Erano ormai passate le sei e, prima che Anna rincasasse, ebbi il tempo necessario per rivedere la registrazione video meditando a mente fredda sui nuovi inquilini del piano di sotto. Già.., perché quella che fino poche ore prima ero convinto fosse solo una tranquilla coppietta di cinquantenni quasi prossimi alla pensione, in realtà si era rivelata una coppia di ninfomani infoiati. Per carità, in fin dei conti non facevano nulla di male pensai, anzi.. buon per loro. Tuttavia, per una frazione di secondo, mi pervase uno strano brivido lungo la schiena, forse dovuto al fatto di aver scoperto questa loro duplice personalità segreta, quasi alla “Doctor Jekill e Mr. Hyde”.

La sera stessa evitai di raccontare ad Anna quanto accaduto nel pomeriggio, le accennai solo dell’invito di Patrizia per la serata di sabato, senza celare del tutto la mia perplessità e incertezza sul presenziare o meno all’incontro. Lei fu invece molto entusiasta, dicendo che le sembrava un’ottima idea, vista la piacevole serata della settimana precedente e dato che ormai frequentavamo di rado amici e parenti.

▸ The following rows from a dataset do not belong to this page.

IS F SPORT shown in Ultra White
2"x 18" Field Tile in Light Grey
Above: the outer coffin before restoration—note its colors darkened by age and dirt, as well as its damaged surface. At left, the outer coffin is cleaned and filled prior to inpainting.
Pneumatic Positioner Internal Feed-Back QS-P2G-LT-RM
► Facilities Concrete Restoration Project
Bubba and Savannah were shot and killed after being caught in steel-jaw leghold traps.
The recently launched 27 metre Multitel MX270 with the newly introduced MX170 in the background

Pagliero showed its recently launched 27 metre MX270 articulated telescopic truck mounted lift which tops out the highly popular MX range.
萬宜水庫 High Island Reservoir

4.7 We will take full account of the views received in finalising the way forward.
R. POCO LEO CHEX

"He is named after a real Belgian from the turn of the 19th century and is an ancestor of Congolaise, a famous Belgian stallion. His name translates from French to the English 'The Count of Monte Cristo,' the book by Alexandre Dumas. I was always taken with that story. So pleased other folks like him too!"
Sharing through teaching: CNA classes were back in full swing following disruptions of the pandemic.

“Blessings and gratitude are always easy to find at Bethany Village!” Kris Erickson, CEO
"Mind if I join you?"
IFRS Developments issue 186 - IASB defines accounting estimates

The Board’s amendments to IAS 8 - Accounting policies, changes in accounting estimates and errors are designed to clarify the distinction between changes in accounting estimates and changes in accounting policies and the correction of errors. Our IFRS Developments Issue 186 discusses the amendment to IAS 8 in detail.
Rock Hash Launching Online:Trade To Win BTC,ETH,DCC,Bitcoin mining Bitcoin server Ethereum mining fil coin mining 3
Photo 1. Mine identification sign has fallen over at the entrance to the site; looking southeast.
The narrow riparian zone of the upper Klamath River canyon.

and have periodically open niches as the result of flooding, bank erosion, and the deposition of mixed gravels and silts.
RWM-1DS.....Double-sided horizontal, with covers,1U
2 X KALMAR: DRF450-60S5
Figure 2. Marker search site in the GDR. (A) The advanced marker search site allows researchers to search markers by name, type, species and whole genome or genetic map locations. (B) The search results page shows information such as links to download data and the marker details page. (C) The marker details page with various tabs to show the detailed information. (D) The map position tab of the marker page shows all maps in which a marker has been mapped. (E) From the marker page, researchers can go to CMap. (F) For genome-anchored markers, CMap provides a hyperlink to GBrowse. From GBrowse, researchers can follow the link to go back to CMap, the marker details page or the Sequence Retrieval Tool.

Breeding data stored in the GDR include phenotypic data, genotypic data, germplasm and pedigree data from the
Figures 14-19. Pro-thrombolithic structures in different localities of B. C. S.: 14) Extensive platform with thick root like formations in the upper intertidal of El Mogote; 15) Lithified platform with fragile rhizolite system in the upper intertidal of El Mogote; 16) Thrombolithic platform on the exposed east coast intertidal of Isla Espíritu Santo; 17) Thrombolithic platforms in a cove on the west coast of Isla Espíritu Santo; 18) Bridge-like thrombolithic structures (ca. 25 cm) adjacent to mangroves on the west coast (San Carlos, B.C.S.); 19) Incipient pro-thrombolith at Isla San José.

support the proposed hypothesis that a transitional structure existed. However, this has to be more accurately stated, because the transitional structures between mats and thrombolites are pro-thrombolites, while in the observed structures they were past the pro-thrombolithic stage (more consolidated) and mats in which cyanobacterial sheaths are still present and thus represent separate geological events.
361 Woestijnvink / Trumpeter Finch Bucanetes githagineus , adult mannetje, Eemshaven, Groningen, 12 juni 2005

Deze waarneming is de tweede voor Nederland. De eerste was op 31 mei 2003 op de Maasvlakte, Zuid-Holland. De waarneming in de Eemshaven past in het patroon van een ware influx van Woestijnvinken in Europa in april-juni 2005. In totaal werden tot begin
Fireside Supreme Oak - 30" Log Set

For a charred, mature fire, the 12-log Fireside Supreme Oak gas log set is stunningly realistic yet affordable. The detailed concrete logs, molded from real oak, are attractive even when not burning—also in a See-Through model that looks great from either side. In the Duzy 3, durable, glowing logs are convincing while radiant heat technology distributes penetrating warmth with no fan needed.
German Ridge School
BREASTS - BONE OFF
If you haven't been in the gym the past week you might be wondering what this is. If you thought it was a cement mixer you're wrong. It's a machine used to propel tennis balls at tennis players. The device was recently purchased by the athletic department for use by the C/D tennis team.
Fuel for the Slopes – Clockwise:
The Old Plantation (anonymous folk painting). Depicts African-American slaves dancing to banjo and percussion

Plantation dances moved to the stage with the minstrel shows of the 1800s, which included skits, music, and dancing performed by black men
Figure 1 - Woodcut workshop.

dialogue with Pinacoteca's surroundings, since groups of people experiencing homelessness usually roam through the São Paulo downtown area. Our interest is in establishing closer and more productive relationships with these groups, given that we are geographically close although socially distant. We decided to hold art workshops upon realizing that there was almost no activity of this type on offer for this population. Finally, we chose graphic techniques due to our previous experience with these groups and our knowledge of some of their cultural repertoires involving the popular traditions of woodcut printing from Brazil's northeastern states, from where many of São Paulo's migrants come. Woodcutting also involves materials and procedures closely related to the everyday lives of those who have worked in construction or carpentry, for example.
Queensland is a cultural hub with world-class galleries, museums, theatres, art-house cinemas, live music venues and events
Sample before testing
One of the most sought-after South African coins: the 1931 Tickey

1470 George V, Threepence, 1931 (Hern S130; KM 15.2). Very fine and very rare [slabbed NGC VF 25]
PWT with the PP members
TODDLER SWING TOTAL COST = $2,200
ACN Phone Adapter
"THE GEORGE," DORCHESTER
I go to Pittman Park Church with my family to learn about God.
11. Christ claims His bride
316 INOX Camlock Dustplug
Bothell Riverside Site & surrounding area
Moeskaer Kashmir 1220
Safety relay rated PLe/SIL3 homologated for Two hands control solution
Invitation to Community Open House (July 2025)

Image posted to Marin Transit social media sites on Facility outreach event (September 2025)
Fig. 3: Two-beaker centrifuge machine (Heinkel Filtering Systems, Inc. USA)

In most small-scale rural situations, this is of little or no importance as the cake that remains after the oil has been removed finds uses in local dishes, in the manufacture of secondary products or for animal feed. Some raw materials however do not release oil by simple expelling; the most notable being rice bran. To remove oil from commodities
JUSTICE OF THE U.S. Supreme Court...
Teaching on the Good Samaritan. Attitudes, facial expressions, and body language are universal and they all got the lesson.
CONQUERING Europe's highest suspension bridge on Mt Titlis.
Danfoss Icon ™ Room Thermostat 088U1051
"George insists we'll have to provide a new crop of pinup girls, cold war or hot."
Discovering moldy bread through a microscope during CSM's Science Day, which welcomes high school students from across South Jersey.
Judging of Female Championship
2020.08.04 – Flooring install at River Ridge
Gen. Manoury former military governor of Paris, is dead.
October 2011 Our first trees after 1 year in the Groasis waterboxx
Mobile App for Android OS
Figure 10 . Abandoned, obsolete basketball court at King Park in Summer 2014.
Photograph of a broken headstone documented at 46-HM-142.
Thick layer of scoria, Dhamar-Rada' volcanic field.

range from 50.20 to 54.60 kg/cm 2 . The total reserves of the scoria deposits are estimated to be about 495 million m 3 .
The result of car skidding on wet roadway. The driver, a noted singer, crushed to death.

Covai quello strano senso di perplessità sino a sabato arrivando addirittura, nel tardo pomeriggio, ad inscenare un vago mal di testa nel tentativo di indurre Anna a rinunciare. Lei però, che aveva passato tutto il giorno a preparare con cura “finger food” da servire per l’aperitivo, era radiosa in volto come non mai e dopo essersi fatta ancor più bella indossando uno dei suoi cortissimi vestitini rossi a tubino (il rosso è sempre stato il suo colore preferito), cercò in tutti i modi di tirarmi su di morale convincendomi che una bella cena in compagnia sarebbe stata un toccasana per il mio mal di testa.